Ask HN: Does enlisting in the Air Force after HS hurt tech career options? - legionof7
I&#x27;m going to be a HS senior in a few weeks and I need to decide whether to enlist in the Air Force softbook program (I would go to basic training after my senior year and be guaranteed one of five jobs). I do dual enrollment so I would already have ~45 college credits so I could immediately become E3 Airman First Class.<p>I know that I can go through Air Force Community College and then get a bachelors through their partnership schools but they aren&#x27;t great schools.<p>If I didn&#x27;t enlist, I&#x27;d probably go into a UC doing compsci or business, continue working on my startup, and make my way into the tech scene.<p>I&#x27;d love any suggestions or opinions you may have, thanks!
======
ThrowawayR2
The point of going to a better quality school is the chance (note, not a
guarantee, just the chance) of getting a higher quality education. Pretty much
any institution will teach the basic CS core adequately but a higher quality
program will give you access to specialized courses like AI, software
security, machine vision, embedded systems, etc. that will give you a broader
set of job options to choose from over the course of your career.
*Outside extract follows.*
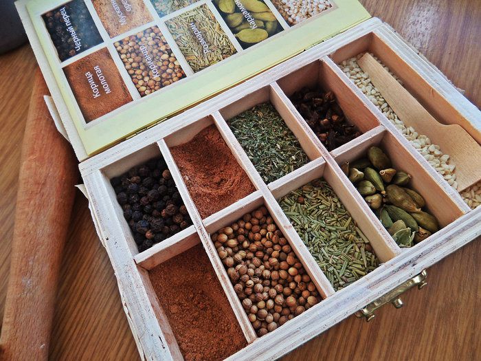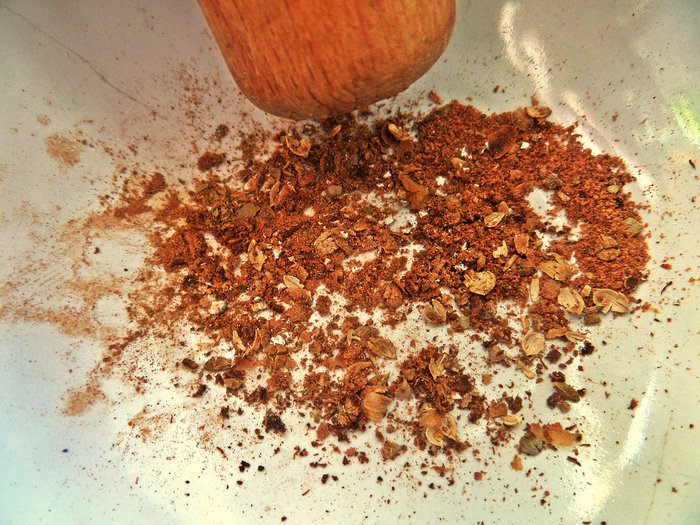 Насыпаем специи в ступку, какие нравятся.

The questions you need to ask yourself are:

1) Is getting deeper and broader CS knowledge important to your future career
plans? The default career for the vast majority of CS graduates is writing web
sites and apps (go and look at the monthly HN "Who's hiring?" posting). For
that, a basic CS education is more than adequate and many would say it's
overkill. If that's the route you think you're going to take, follow SQL2219's
advice and don't worry about school quality.

2) Are you a good enough student and a dedicated enough student to take
advantage of a better quality school? Put bluntly, if you don't put in the
work to absorb the material well to remember and use it later in your career,
having a broader set of classes available to you isn't going to make a
difference.

------
SQL2219
Don't underestimate the huge advantage of graduating with zero student debt,
which currently averages around $40,000 for graduates.

"they aren't great schools" \- by what measure are you using to validate this
statement? Most companies do not care where you got your degree, although you
will run into asshole gatekeepers (HR) that have their own unjustified bias.
The further along you get in your career, the less it matters where you went
to school.